Studio album by Anna Vissi
- Released: 30 November 2015
- Recorded: May – August 2015
- Genre: Contemporary laïko, pop rock, dance-pop
- Length: 59:58
- Label: Panik Gold
- Producer: Nikos Karvelas, Anna Vissi, Carlos E.Perez

Anna Vissi chronology
| Agapi Einai Esi (2010) | Sinentefxi Συνέντευξη (2015) | Iliotropia (2019) |

Singles from Sinentefxi
- "Gia Sena" Released: 12 October 2015; "Xana Mana" Released: 19 January 2016; "Sinentefxi" Released: 17 July 2016; "Protimo Na Petheno" Released: 12 September 2016;

= Sinentefxi =

Sinentefxi (Greek: Συνέντευξη; English: Interview) is Greek singer Anna Vissi's 27th studio album, released in Greece and Cyprus in November 2015 by Panik Gold. It is Vissi's first studio album since 2010. The first Single is called "Gia Sena" with music and lyrics by Nikos Karvelas.

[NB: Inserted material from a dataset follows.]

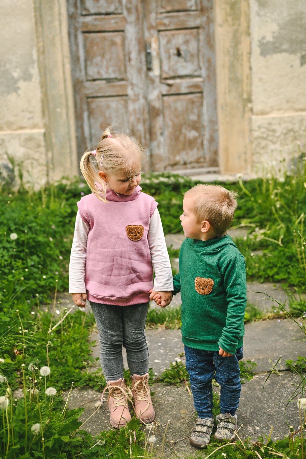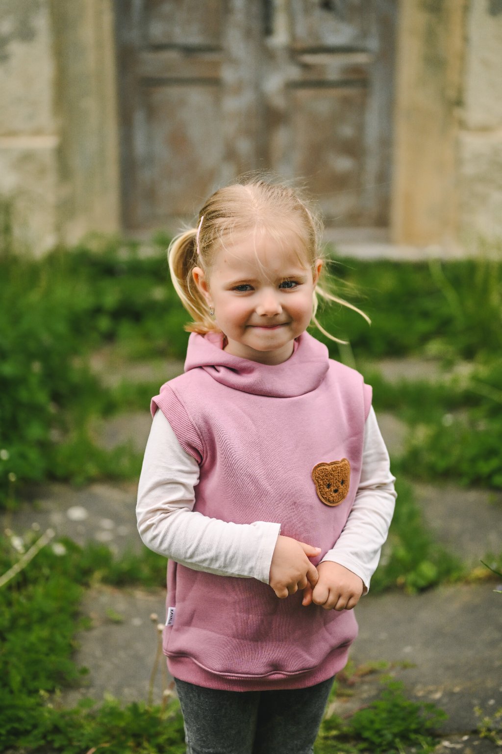 Prodloužený střih chrání záda i při hře venku, kapuce dodává vestě sportovní vzhled a roztomilá nášivka medvídka potěší každého malého dobrodruha.

The album was certified Platinum in both Greece and Cyprus.

==Release==
The album "Sinentefxi" was released on Monday, 30 November 2015 featuring 14 new songs. All songs were composed by Nikos Karvelas, while lyrics were provided by Karvelas and Gerasimos Evangelatos (in four songs).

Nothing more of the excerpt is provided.